§ **Goal of the exercise**: Write out, word for word and with no pictures, each line below from the one containing "Детеныша держат на" through the one containing "1)樣板區(qū)域打造。選", both included, and no other line.

§ **Information given**:
***

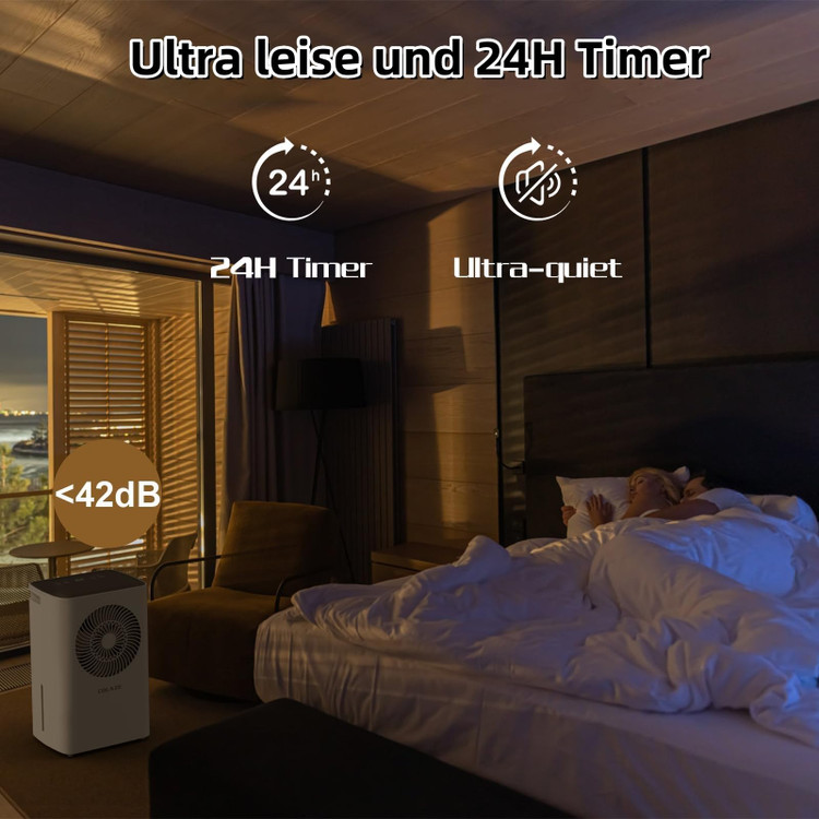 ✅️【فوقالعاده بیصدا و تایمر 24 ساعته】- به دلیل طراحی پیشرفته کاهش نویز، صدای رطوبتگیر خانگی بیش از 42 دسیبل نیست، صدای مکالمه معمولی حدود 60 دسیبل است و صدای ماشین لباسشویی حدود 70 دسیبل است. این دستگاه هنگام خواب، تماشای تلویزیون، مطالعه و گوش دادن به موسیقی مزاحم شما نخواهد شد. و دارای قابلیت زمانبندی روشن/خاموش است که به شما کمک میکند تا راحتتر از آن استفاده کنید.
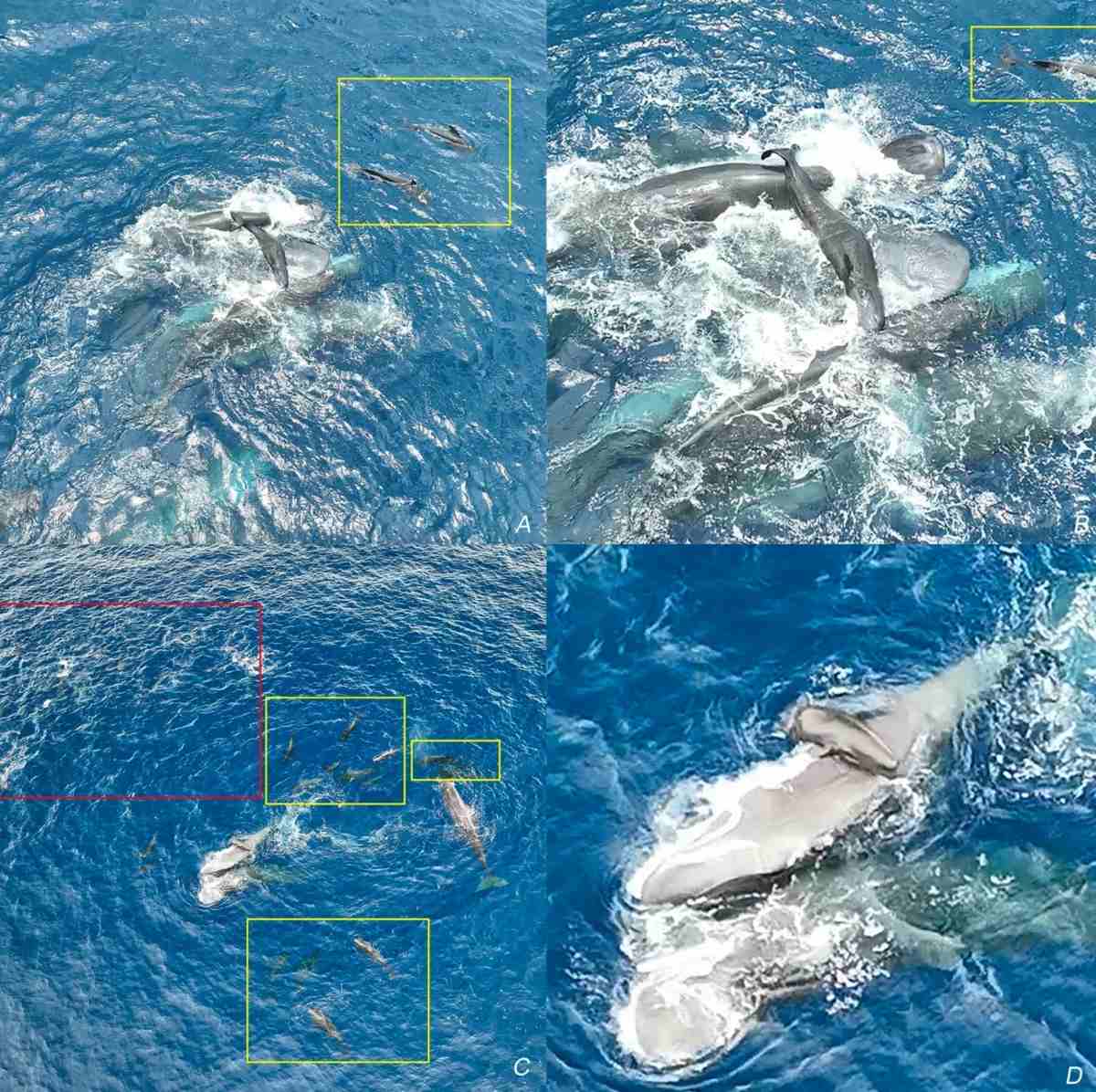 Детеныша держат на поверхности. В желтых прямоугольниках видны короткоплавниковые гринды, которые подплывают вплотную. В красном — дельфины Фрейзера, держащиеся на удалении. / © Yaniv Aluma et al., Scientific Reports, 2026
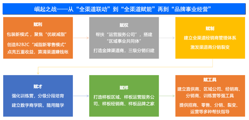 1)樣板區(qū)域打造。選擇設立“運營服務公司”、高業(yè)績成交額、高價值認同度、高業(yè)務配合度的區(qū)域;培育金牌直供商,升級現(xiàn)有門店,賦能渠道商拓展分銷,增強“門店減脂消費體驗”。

***

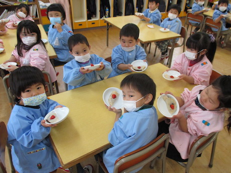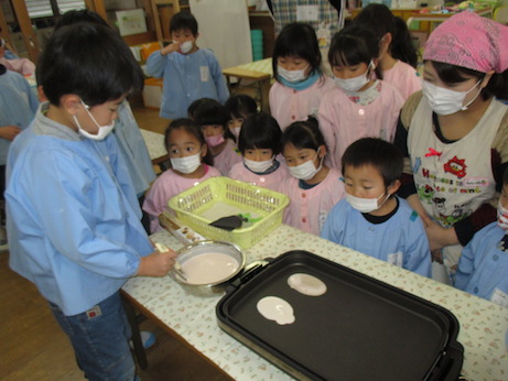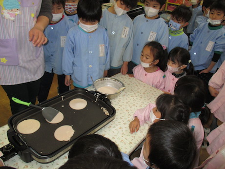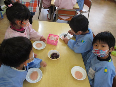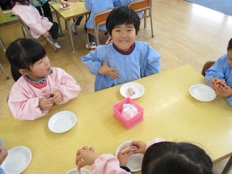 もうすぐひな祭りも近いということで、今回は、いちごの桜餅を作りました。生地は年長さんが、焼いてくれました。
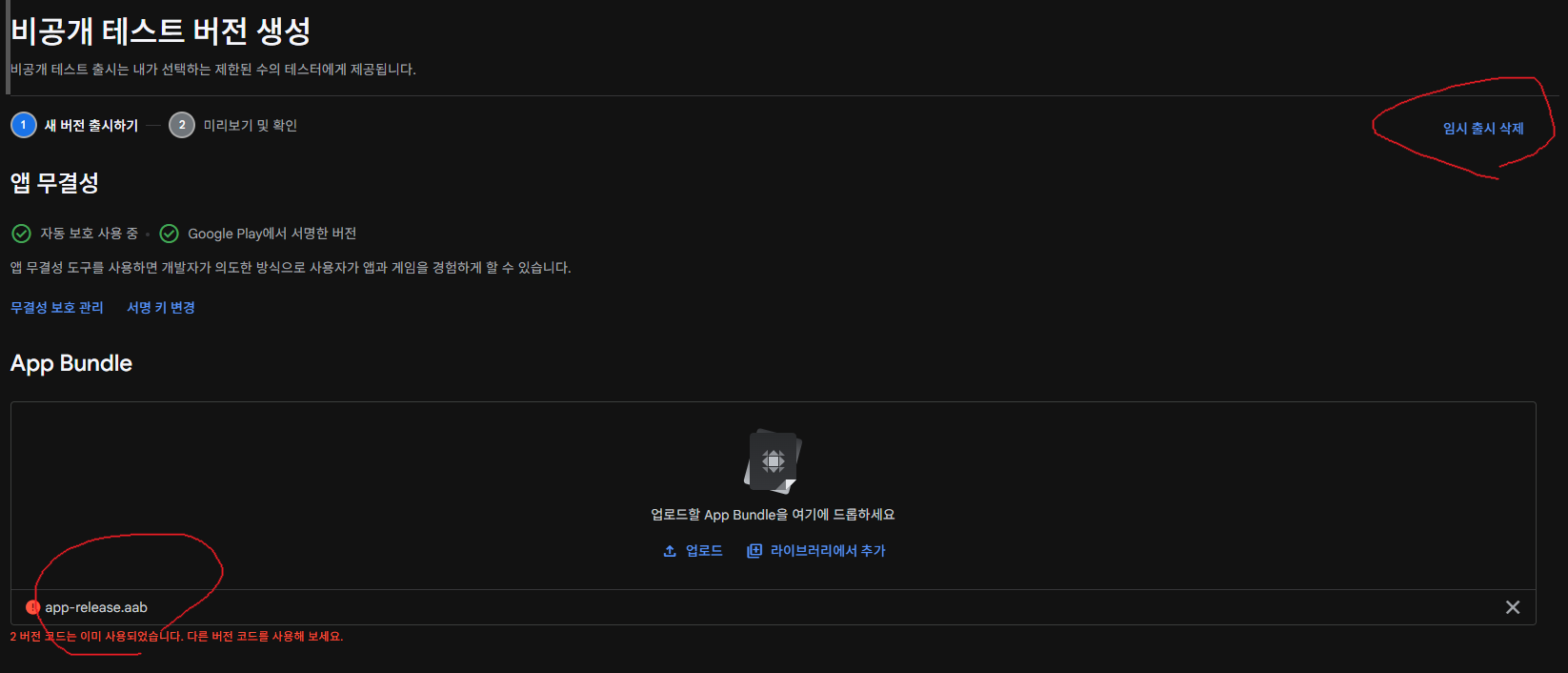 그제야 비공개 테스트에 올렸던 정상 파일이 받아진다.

***

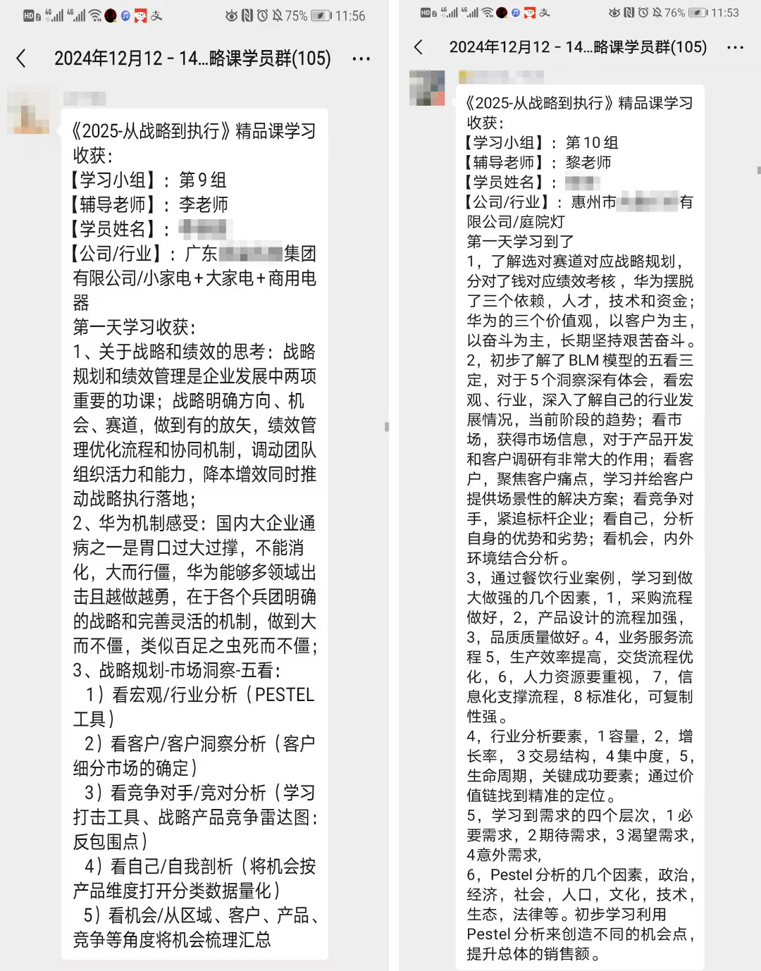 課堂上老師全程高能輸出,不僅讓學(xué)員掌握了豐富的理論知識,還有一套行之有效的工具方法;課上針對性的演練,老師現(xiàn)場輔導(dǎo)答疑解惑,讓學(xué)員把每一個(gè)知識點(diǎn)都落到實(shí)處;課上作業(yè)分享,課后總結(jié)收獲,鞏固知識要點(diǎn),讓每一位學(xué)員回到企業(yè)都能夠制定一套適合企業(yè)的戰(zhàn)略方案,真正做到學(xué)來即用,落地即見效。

***

§ **Result**:
 Детеныша держат на поверхности. В желтых прямоугольниках видны короткоплавниковые гринды, которые подплывают вплотную. В красном — дельфины Фрейзера, держащиеся на удалении. / © Yaniv Aluma et al., Scientific Reports, 2026
 1)樣板區(qū)域打造。選擇設立“運營服務公司”、高業(yè)績成交額、高價值認同度、高業(yè)務配合度的區(qū)域;培育金牌直供商,升級現(xiàn)有門店,賦能渠道商拓展分銷,增強“門店減脂消費體驗”。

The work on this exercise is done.